Victoria Meldrew at large

I did wonder, to myself, how long I could go without reverting to type.

What’s my latest gripe about?

Book agents.

Which probably isn’t the smartest move in anybody’s book considering my mission of attempting to procure one. To be fair, I don’t refer to ALL agents. I do not blanket bomb. But, how many of you fellow scribblers out there, amateur or professional, unpublished or published, have thought that perhaps agents can and do tend to lord it over us peasants.
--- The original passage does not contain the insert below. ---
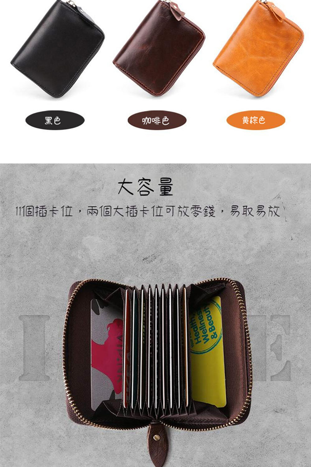 👜結構:外面有二個卡位. 內部9個插卡位. 2個卡位可以放零錢跟紙鈔
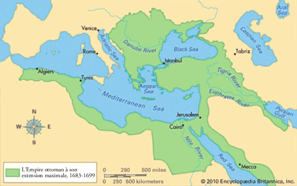 « La question d’Orient : un problème diplomatique posé au 19e et au début du 20e siècle par le démembrement de l’Empire ottoman et tournant autour de la lutte pour le contrôle des anciens territoires ottomans. Tout changement au sein des domaines turcs provoquait la tension parmi les puissances européennes qui craignaient toutes que l’une d’entre elles profite du désordre politique pour augmenter sa propre influence. » {Encyclopedia Britannica}

Which is strange because without us they wouldn’t have a job. Anyone care to enlighten me or care to share your agent experiences? Maybe we should form a club. Our motto could be, “Everybody is a nobody until they are somebody”. Corny I know, but true. Even JK Rowling wasn’t born with a silver quill in her hand.
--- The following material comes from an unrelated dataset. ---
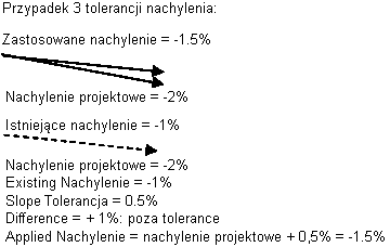 Dopuszczalna wartość, o którą mogą różnić się Nachylenia warstwy nałożonej od ich wartości projektowych. Tolerancja nachylenia nie jest używana, gdy Nachylenie warstwy nałożonej dane jest jako M (szczegóły w podanym poniżej Zachowaniu). |

Come on, agents! You know who YOU are. Please don’t be so snooty with your nose up in the air. Go out in the rain like that and you’ll drown. And we can’t let that happen.
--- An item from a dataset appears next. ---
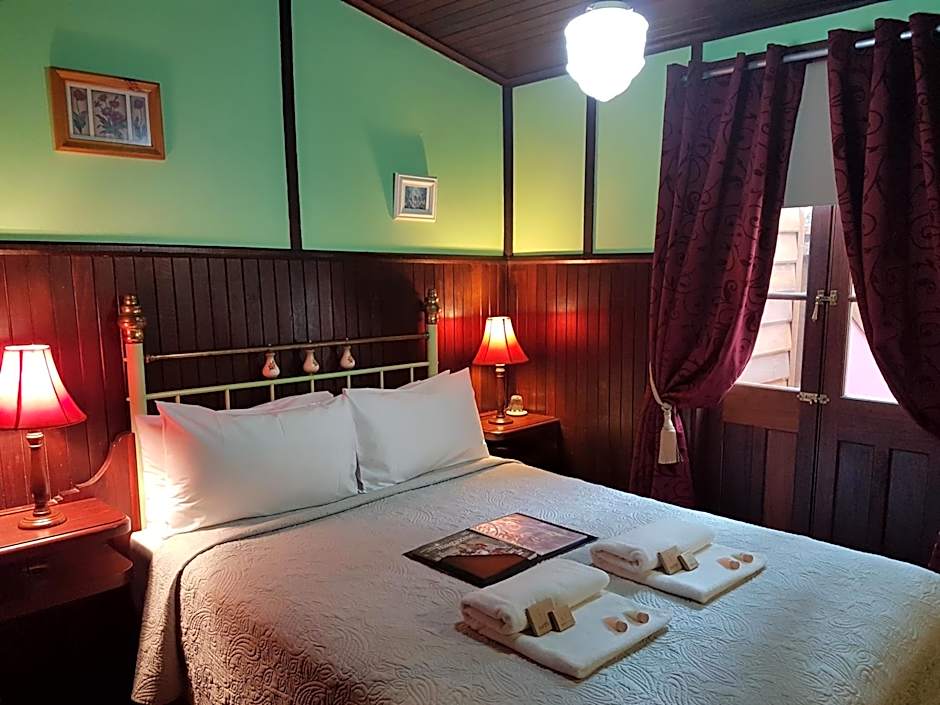 Upstairs room with access to a charming veranda. Beautifully appointed room with wood paneling and private bathroom with spa bath and separate shower. Includes a TV, DVD player, heating, air conditioning, electric blanket and tea/coffee making facilities.

Can we? No! Absolutely not...

Do you remember when almost no one had even heard of Valentino Rossi...

Motorbikes. Motorbikes are great for Cornwall. Although, my motorbike days are long in the past and best forgotten. Or, so I thought, until a few months ago.

Convinced and determined my biking days were long gone and defunct, it therefore came as a complete shock while flicking through the television channels - as I was not in the mood for Vanish “it really works” commercials - when I came upon the Year 2000 500cc Malaysian World Championship Grand Prix. Now known as MotoGP. Something stirred in my stomach that had nothing to do with the iffy tuna fish I’d eaten the night before. The tuna wasn’t really off. I’m the iffy one. Hazard of ME is that you can’t eat what you want. When you have found something that doesn’t leave you comatose within minutes lasting for the whole day and possibly into the next, do not get excited because by the following month your body will probably be rejecting it.

Motorbikes. Easy. Choose your oil. Any type. Motorbikes don’t get ME. Wow! I watched with eyes wide open. The commentator mentioned something about Kenny Roberts. Kenny Roberts? I heard it as Rogers. Had Lucille finally left him? Impressed at this drastic change of career for the old country and western crooner I had to find out more. Moving Ninja to one side, who couldn’t understand anyone getting excited over something that sounded like a swarm of hungry hornets - I sat back and allowed myself to be totally amazed. I was hooked! Ninja too. Judging by the eventual intensity of her purring or was she simply mimicking the bikes. I can do it too. We’d both found a new hobby. Perhaps it would even knock food off the number one spot? Doubtful.

Eagerly we waited for the Suzuka Grand Prix to be broadcast and by the time it came around, Ninja and I were sitting next to each other on the edge of the couch. Fired up, ready and waiting. I was there. Watching. Waiting. That’s me being fired up. And we waited. Concentration is hard at the best of times but after being told for the fourth time by a girl in a bikini how Michelin tyres are the best, my mind began to wander. Snoring reverberating in my ear told me Ninja had lost the will to live and I began to lament how the Japanese could produce the bikes but seemingly not the riders to go with them. On which planet have I been living these past few years? How deliciously wrong did I turn out to be?

He seemed to lean into the corner with the grace of Nureyev only to come out of it kicking like Bruce Lee. He and his bike were not two separate components. They were one. Moulded together from birth.

Norick Abe. He is sheer poetry in motion.

Okay, I admit it. We’re not talking strictly bikes here. Let’s face it - he’s a babe! He definitely has a quality that sets him apart from his competitors as brilliant as they are. Abe has that special something. Not since the groovy days of Barry Sheene, (a now sadly departed seventies icon) has there been someone who not only rides a mean machine but has the decency to look good as well. Placed at number three in the current standings of the 500cc World Championship Grand Prix, he is 100 per cent dedicated to his art. In Mr Abe’s case, it is art.

What’s he doing these days, I wonder...

UPDATE: Norick Abe died in 2007. I’d like to dedicate this blog to the memory of a talented and decent human being.